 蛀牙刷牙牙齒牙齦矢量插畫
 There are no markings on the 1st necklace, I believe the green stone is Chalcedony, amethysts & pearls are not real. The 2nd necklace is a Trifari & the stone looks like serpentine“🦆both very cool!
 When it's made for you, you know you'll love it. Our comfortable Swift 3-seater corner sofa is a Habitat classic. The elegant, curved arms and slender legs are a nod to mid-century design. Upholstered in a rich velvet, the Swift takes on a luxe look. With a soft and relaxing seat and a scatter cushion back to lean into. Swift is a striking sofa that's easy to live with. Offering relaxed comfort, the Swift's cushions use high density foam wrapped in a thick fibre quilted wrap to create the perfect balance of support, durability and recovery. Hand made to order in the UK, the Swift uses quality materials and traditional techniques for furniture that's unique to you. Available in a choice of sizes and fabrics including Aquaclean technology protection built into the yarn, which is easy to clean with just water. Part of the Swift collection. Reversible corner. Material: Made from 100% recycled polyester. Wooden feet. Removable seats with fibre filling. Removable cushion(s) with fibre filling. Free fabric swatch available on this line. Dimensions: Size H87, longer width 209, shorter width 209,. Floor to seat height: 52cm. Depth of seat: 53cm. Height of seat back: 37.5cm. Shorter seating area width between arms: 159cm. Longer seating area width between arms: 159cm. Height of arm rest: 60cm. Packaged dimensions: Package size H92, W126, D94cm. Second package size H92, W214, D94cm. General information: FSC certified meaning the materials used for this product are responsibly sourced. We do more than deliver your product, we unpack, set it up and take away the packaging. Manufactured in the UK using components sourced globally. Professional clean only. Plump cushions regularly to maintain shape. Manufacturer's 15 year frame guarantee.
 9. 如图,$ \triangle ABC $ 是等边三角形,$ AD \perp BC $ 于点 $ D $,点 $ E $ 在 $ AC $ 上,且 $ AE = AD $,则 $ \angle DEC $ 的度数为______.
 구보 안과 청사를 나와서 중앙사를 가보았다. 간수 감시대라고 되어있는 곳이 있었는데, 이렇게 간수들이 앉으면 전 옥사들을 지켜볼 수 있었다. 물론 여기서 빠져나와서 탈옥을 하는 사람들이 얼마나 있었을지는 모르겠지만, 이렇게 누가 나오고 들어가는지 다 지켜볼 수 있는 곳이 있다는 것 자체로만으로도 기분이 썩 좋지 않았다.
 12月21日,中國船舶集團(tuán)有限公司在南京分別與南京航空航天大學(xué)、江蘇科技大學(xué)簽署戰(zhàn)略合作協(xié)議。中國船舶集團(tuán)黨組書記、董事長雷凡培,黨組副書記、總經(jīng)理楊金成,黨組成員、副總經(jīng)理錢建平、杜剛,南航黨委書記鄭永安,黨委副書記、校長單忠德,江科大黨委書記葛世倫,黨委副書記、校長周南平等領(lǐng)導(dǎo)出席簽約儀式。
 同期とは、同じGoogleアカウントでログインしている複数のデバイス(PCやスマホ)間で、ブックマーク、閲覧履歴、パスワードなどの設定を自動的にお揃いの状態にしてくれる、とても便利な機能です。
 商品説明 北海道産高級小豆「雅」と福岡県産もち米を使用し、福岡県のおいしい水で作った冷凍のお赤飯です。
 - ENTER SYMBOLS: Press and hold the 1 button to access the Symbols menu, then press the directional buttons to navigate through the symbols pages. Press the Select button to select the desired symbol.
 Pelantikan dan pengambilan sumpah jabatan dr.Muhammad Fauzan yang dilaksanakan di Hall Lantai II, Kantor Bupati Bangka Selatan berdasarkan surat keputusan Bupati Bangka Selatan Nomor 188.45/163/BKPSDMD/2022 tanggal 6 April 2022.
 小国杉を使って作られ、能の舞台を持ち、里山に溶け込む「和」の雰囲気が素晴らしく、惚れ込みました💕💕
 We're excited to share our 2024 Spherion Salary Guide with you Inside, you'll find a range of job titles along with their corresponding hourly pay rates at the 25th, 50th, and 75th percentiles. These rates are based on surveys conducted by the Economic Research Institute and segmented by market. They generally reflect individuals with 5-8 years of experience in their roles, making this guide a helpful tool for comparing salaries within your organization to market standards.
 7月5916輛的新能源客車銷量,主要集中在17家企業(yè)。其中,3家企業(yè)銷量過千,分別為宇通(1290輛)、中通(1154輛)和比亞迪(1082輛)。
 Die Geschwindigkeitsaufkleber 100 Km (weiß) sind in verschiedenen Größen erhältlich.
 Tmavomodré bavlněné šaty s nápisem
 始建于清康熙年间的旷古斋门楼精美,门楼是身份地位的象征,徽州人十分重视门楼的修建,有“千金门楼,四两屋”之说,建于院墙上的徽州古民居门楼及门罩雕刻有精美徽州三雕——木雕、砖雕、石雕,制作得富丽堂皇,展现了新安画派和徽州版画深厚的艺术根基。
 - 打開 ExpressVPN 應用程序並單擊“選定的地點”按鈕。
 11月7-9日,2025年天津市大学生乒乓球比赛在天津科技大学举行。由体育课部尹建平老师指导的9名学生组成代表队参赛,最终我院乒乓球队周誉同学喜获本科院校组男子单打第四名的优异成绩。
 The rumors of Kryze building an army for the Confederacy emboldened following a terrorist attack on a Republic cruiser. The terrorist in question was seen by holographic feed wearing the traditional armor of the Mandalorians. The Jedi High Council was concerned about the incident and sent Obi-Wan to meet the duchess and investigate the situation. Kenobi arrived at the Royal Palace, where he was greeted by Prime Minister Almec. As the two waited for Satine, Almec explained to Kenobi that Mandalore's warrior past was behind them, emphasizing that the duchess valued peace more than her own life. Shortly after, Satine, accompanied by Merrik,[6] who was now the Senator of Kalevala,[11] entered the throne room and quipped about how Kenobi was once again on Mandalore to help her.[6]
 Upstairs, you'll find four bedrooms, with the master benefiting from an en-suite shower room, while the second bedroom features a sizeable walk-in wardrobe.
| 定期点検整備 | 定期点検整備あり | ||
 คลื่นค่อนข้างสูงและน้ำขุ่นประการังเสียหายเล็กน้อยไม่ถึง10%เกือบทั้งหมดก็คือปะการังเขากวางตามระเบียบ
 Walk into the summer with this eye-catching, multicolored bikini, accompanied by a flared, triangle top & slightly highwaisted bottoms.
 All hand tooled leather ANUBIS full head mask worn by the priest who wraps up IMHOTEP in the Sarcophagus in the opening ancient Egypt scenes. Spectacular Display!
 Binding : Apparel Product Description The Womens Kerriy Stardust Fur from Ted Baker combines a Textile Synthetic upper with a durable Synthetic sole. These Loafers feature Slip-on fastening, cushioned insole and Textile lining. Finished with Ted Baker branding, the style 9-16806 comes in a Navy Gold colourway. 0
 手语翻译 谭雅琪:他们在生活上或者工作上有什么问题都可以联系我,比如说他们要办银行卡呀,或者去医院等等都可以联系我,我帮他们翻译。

########################################

## WHAT THE TASK ASKS
Retype all the data, changing nothing.

## EXERCISE SOLUTION
 蛀牙刷牙牙齒牙齦矢量插畫
 There are no markings on the 1st necklace, I believe the green stone is Chalcedony, amethysts & pearls are not real. The 2nd necklace is a Trifari & the stone looks like serpentine“🦆both very cool!
 When it's made for you, you know you'll love it. Our comfortable Swift 3-seater corner sofa is a Habitat classic. The elegant, curved arms and slender legs are a nod to mid-century design. Upholstered in a rich velvet, the Swift takes on a luxe look. With a soft and relaxing seat and a scatter cushion back to lean into. Swift is a striking sofa that's easy to live with. Offering relaxed comfort, the Swift's cushions use high density foam wrapped in a thick fibre quilted wrap to create the perfect balance of support, durability and recovery. Hand made to order in the UK, the Swift uses quality materials and traditional techniques for furniture that's unique to you. Available in a choice of sizes and fabrics including Aquaclean technology protection built into the yarn, which is easy to clean with just water. Part of the Swift collection. Reversible corner. Material: Made from 100% recycled polyester. Wooden feet. Removable seats with fibre filling. Removable cushion(s) with fibre filling. Free fabric swatch available on this line. Dimensions: Size H87, longer width 209, shorter width 209,. Floor to seat height: 52cm. Depth of seat: 53cm. Height of seat back: 37.5cm. Shorter seating area width between arms: 159cm. Longer seating area width between arms: 159cm. Height of arm rest: 60cm. Packaged dimensions: Package size H92, W126, D94cm. Second package size H92, W214, D94cm. General information: FSC certified meaning the materials used for this product are responsibly sourced. We do more than deliver your product, we unpack, set it up and take away the packaging. Manufactured in the UK using components sourced globally. Professional clean only. Plump cushions regularly to maintain shape. Manufacturer's 15 year frame guarantee.
 9. 如图,$ \triangle ABC $ 是等边三角形,$ AD \perp BC $ 于点 $ D $,点 $ E $ 在 $ AC $ 上,且 $ AE = AD $,则 $ \angle DEC $ 的度数为______.
 구보 안과 청사를 나와서 중앙사를 가보았다. 간수 감시대라고 되어있는 곳이 있었는데, 이렇게 간수들이 앉으면 전 옥사들을 지켜볼 수 있었다. 물론 여기서 빠져나와서 탈옥을 하는 사람들이 얼마나 있었을지는 모르겠지만, 이렇게 누가 나오고 들어가는지 다 지켜볼 수 있는 곳이 있다는 것 자체로만으로도 기분이 썩 좋지 않았다.
 12月21日,中國船舶集團(tuán)有限公司在南京分別與南京航空航天大學(xué)、江蘇科技大學(xué)簽署戰(zhàn)略合作協(xié)議。中國船舶集團(tuán)黨組書記、董事長雷凡培,黨組副書記、總經(jīng)理楊金成,黨組成員、副總經(jīng)理錢建平、杜剛,南航黨委書記鄭永安,黨委副書記、校長單忠德,江科大黨委書記葛世倫,黨委副書記、校長周南平等領(lǐng)導(dǎo)出席簽約儀式。
 同期とは、同じGoogleアカウントでログインしている複数のデバイス(PCやスマホ)間で、ブックマーク、閲覧履歴、パスワードなどの設定を自動的にお揃いの状態にしてくれる、とても便利な機能です。
 商品説明 北海道産高級小豆「雅」と福岡県産もち米を使用し、福岡県のおいしい水で作った冷凍のお赤飯です。
 - ENTER SYMBOLS: Press and hold the 1 button to access the Symbols menu, then press the directional buttons to navigate through the symbols pages. Press the Select button to select the desired symbol.
 Pelantikan dan pengambilan sumpah jabatan dr.Muhammad Fauzan yang dilaksanakan di Hall Lantai II, Kantor Bupati Bangka Selatan berdasarkan surat keputusan Bupati Bangka Selatan Nomor 188.45/163/BKPSDMD/2022 tanggal 6 April 2022.
 小国杉を使って作られ、能の舞台を持ち、里山に溶け込む「和」の雰囲気が素晴らしく、惚れ込みました💕💕
 We're excited to share our 2024 Spherion Salary Guide with you Inside, you'll find a range of job titles along with their corresponding hourly pay rates at the 25th, 50th, and 75th percentiles. These rates are based on surveys conducted by the Economic Research Institute and segmented by market. They generally reflect individuals with 5-8 years of experience in their roles, making this guide a helpful tool for comparing salaries within your organization to market standards.
 7月5916輛的新能源客車銷量,主要集中在17家企業(yè)。其中,3家企業(yè)銷量過千,分別為宇通(1290輛)、中通(1154輛)和比亞迪(1082輛)。
 Die Geschwindigkeitsaufkleber 100 Km (weiß) sind in verschiedenen Größen erhältlich.
 Tmavomodré bavlněné šaty s nápisem
 始建于清康熙年间的旷古斋门楼精美,门楼是身份地位的象征,徽州人十分重视门楼的修建,有“千金门楼,四两屋”之说,建于院墙上的徽州古民居门楼及门罩雕刻有精美徽州三雕——木雕、砖雕、石雕,制作得富丽堂皇,展现了新安画派和徽州版画深厚的艺术根基。
 - 打開 ExpressVPN 應用程序並單擊“選定的地點”按鈕。
 11月7-9日,2025年天津市大学生乒乓球比赛在天津科技大学举行。由体育课部尹建平老师指导的9名学生组成代表队参赛,最终我院乒乓球队周誉同学喜获本科院校组男子单打第四名的优异成绩。
 The rumors of Kryze building an army for the Confederacy emboldened following a terrorist attack on a Republic cruiser. The terrorist in question was seen by holographic feed wearing the traditional armor of the Mandalorians. The Jedi High Council was concerned about the incident and sent Obi-Wan to meet the duchess and investigate the situation. Kenobi arrived at the Royal Palace, where he was greeted by Prime Minister Almec. As the two waited for Satine, Almec explained to Kenobi that Mandalore's warrior past was behind them, emphasizing that the duchess valued peace more than her own life. Shortly after, Satine, accompanied by Merrik,[6] who was now the Senator of Kalevala,[11] entered the throne room and quipped about how Kenobi was once again on Mandalore to help her.[6]
 Upstairs, you'll find four bedrooms, with the master benefiting from an en-suite shower room, while the second bedroom features a sizeable walk-in wardrobe.
| 定期点検整備 | 定期点検整備あり | ||
 คลื่นค่อนข้างสูงและน้ำขุ่นประการังเสียหายเล็กน้อยไม่ถึง10%เกือบทั้งหมดก็คือปะการังเขากวางตามระเบียบ
 Walk into the summer with this eye-catching, multicolored bikini, accompanied by a flared, triangle top & slightly highwaisted bottoms.
 All hand tooled leather ANUBIS full head mask worn by the priest who wraps up IMHOTEP in the Sarcophagus in the opening ancient Egypt scenes. Spectacular Display!
 Binding : Apparel Product Description The Womens Kerriy Stardust Fur from Ted Baker combines a Textile Synthetic upper with a durable Synthetic sole. These Loafers feature Slip-on fastening, cushioned insole and Textile lining. Finished with Ted Baker branding, the style 9-16806 comes in a Navy Gold colourway. 0
 手语翻译 谭雅琪:他们在生活上或者工作上有什么问题都可以联系我,比如说他们要办银行卡呀,或者去医院等等都可以联系我,我帮他们翻译。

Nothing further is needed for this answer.